4. Increase your exercise levels if at all possible. Walk more, play some music and dance to it, use the stairs, be more playful with your kids. Moving around with intention increases endorphins and makes you feel better, diminishing the desire to resort to sugary treats when you are feeling down or tired.

5. Enjoy a sitting down meal with your loved ones, then brush your teeth or get a minty taste in your mouth and do not eat for at least three hours. Avoid watching TV shows while eating mindlessly, and instead, savour what you eat, and notice when you are almost full up. That’s the time to stop eating and to move around!

6. Inform those around you that you are choosing to eat well. Careful of the words you use, they make a big difference! Instead of saying, ‘I can’t drink this or eat that’, try, ‘I choose not to drink, I prefer to keep fit’ or whatever resonates with your current goals. If all there is at the celebration you attend is decadent, rich food, find creative ways of avoiding overeating.

Start with fruit or bring a banana with you just in case, eat slowly, crowd the plate mostly with greens and proteins, and when you sense you have reached your target, sip water, chat amicably, or move away from the food.

What happens if you fear that you will keep eating sweets and treats at home when nobody is watching? You know, a snack while watching a movie, a bar of chocolate while browsing social media, and another bite before going to bed?

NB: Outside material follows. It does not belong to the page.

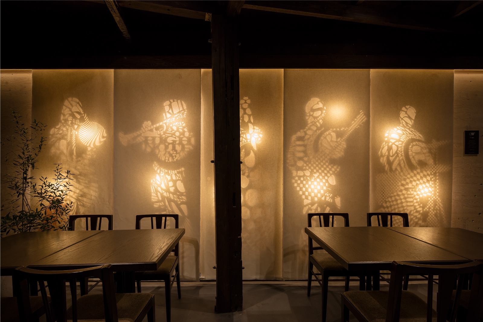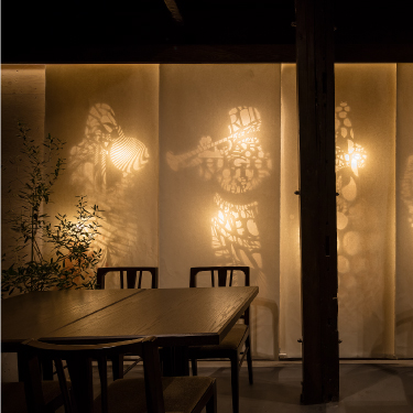 切り絵の光による残像、左官の墨染め、竹の煤染め、ガラスの屈折。

Aside from swapping foods with healthier ones, have you considered sending someone else to do the shopping? You could tell them not to buy any of those irresistible treats.

Support for overeating

If controlling what you eat is becoming a serious issue – perhaps connected to boredom, tiredness, stress or a lifetime of bad habits – it may be a good idea to consult an expert in the field. You can go to a nutritionist for dedicated eating plans, to a counsellor or hypnotherapist to tackle the deepest reasons of emotional eating, or to a fitness coach to refine your goals and strategies, increasing focus.

Christmas isn’t just the time to show love to the others, it’s also the perfect time to give yourself the greatest gift: self-love and compassion. By taking the first step you will gain more than just health and fitness; you will be able to change your life, inspiring others to follow your example.

You might discover that loving yourself as much as you love others is the true meaning of Christmas.